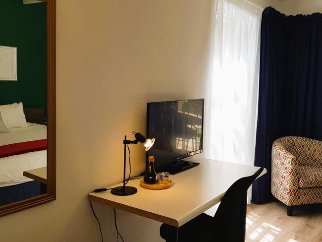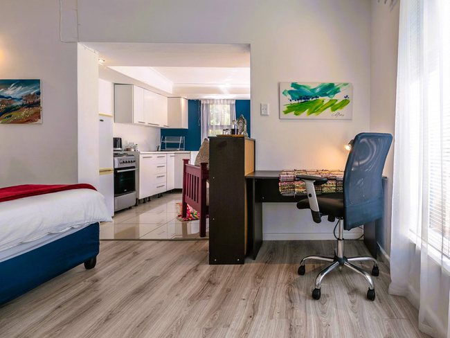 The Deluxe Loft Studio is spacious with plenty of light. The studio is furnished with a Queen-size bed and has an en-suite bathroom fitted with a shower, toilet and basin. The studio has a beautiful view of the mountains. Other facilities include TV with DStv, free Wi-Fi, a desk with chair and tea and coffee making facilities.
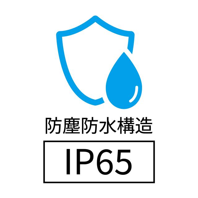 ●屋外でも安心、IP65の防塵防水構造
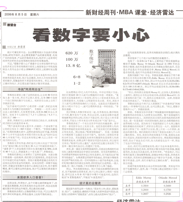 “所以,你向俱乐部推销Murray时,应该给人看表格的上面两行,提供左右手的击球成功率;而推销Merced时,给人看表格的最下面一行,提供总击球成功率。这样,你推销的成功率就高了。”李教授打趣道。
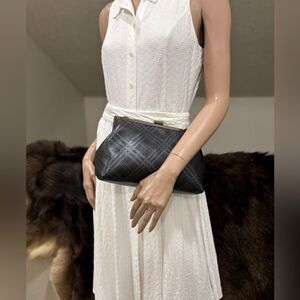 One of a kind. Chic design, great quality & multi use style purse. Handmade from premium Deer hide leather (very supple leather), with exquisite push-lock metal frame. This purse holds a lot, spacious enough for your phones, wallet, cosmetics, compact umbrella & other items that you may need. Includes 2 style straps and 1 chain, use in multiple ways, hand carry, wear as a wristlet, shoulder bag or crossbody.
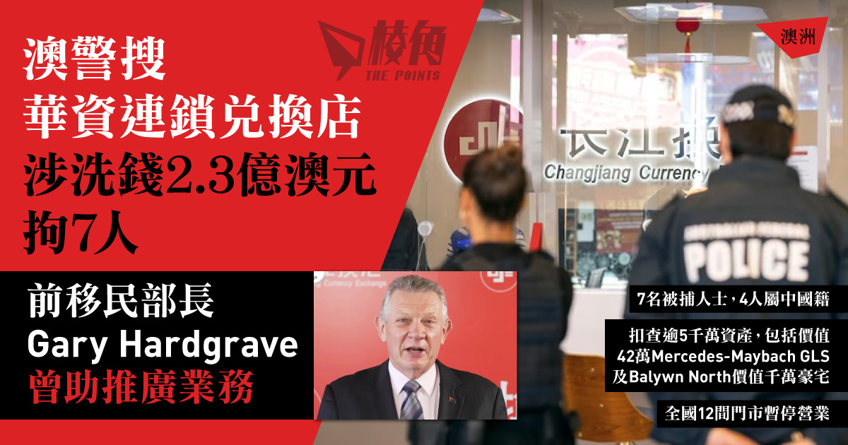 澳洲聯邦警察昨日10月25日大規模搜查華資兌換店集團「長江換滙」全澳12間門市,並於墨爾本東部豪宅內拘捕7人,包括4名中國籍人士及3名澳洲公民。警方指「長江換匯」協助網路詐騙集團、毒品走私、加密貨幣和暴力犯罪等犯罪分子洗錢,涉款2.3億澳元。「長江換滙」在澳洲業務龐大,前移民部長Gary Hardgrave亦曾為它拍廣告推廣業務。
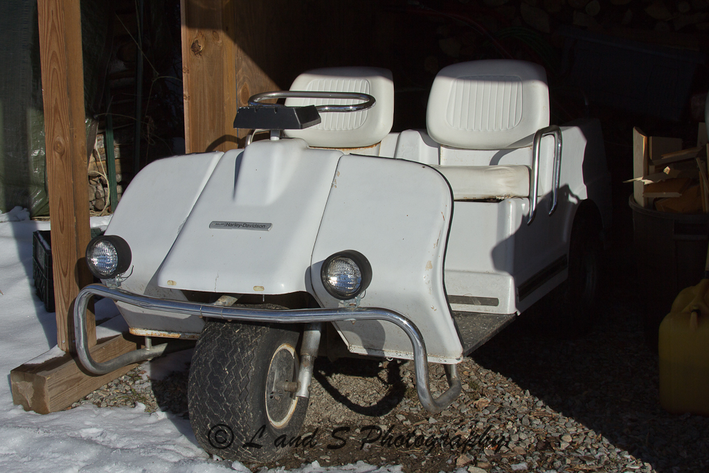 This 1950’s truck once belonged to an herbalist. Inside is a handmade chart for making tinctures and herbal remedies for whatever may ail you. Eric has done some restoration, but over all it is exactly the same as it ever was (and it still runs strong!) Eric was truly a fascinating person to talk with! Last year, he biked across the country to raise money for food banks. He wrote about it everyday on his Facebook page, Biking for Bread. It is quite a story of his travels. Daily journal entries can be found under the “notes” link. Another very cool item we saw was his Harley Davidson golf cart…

• [TASK DIRECTIONS] Since the pictures are not wanted, copy only the text of the records above, exactly.

• [WRITTEN SOLUTION]
 The Deluxe Loft Studio is spacious with plenty of light. The studio is furnished with a Queen-size bed and has an en-suite bathroom fitted with a shower, toilet and basin. The studio has a beautiful view of the mountains. Other facilities include TV with DStv, free Wi-Fi, a desk with chair and tea and coffee making facilities.
 ●屋外でも安心、IP65の防塵防水構造
 “所以,你向俱乐部推销Murray时,应该给人看表格的上面两行,提供左右手的击球成功率;而推销Merced时,给人看表格的最下面一行,提供总击球成功率。这样,你推销的成功率就高了。”李教授打趣道。
 One of a kind. Chic design, great quality & multi use style purse. Handmade from premium Deer hide leather (very supple leather), with exquisite push-lock metal frame. This purse holds a lot, spacious enough for your phones, wallet, cosmetics, compact umbrella & other items that you may need. Includes 2 style straps and 1 chain, use in multiple ways, hand carry, wear as a wristlet, shoulder bag or crossbody.
 澳洲聯邦警察昨日10月25日大規模搜查華資兌換店集團「長江換滙」全澳12間門市,並於墨爾本東部豪宅內拘捕7人,包括4名中國籍人士及3名澳洲公民。警方指「長江換匯」協助網路詐騙集團、毒品走私、加密貨幣和暴力犯罪等犯罪分子洗錢,涉款2.3億澳元。「長江換滙」在澳洲業務龐大,前移民部長Gary Hardgrave亦曾為它拍廣告推廣業務。
 This 1950’s truck once belonged to an herbalist. Inside is a handmade chart for making tinctures and herbal remedies for whatever may ail you. Eric has done some restoration, but over all it is exactly the same as it ever was (and it still runs strong!) Eric was truly a fascinating person to talk with! Last year, he biked across the country to raise money for food banks. He wrote about it everyday on his Facebook page, Biking for Bread. It is quite a story of his travels. Daily journal entries can be found under the “notes” link. Another very cool item we saw was his Harley Davidson golf cart…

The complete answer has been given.